**Work item**.
Set down a true copy of the data, with all pictures left out.

Information shown START

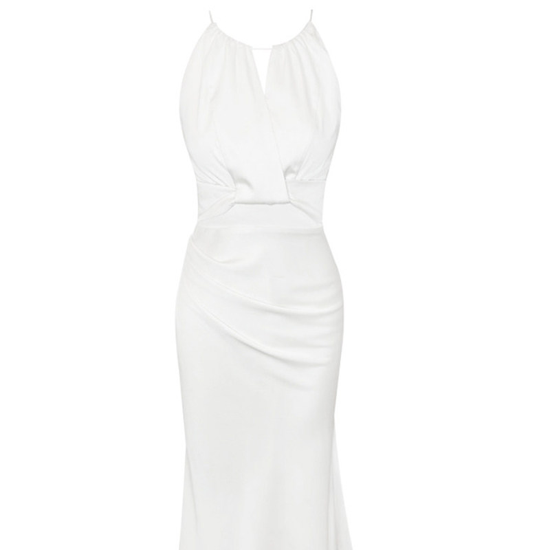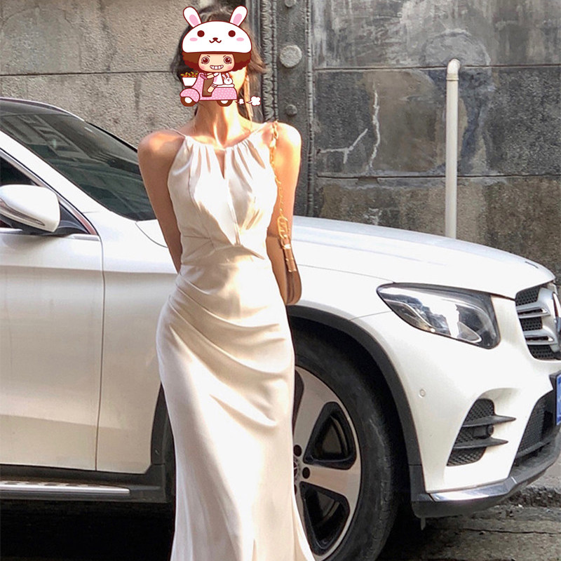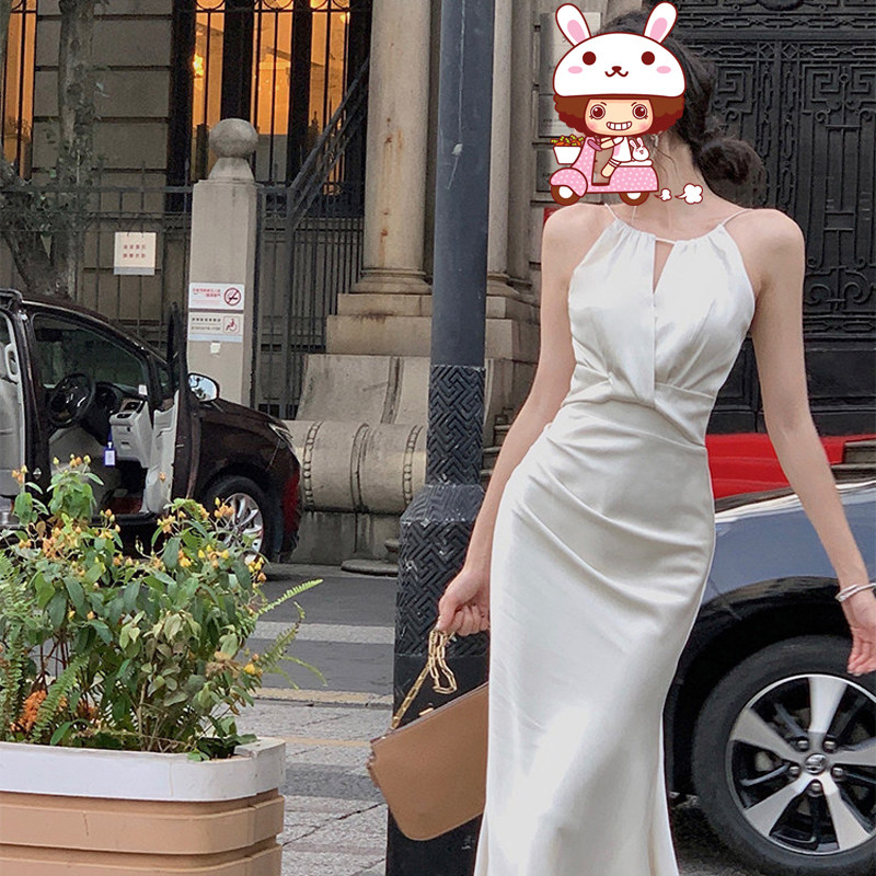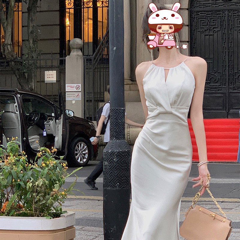 一从刻时【物造神】白色挂脖吊带连衣裙女夏缎面鱼尾高级感长裙子
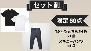 【セット割】スキニーパンツ×1、ロゴ入りTシャツ×1[ホワイト]or[ブラック]
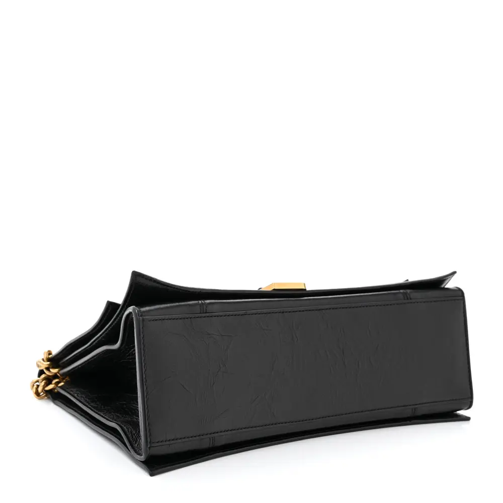 Balenciaga Medium Crush Chain Bag Black Crushed Calfskin Leather Gold Hardware

Information shown END

**Answer to the problem**.
 一从刻时【物造神】白色挂脖吊带连衣裙女夏缎面鱼尾高级感长裙子
 【セット割】スキニーパンツ×1、ロゴ入りTシャツ×1[ホワイト]or[ブラック]
 Balenciaga Medium Crush Chain Bag Black Crushed Calfskin Leather Gold Hardware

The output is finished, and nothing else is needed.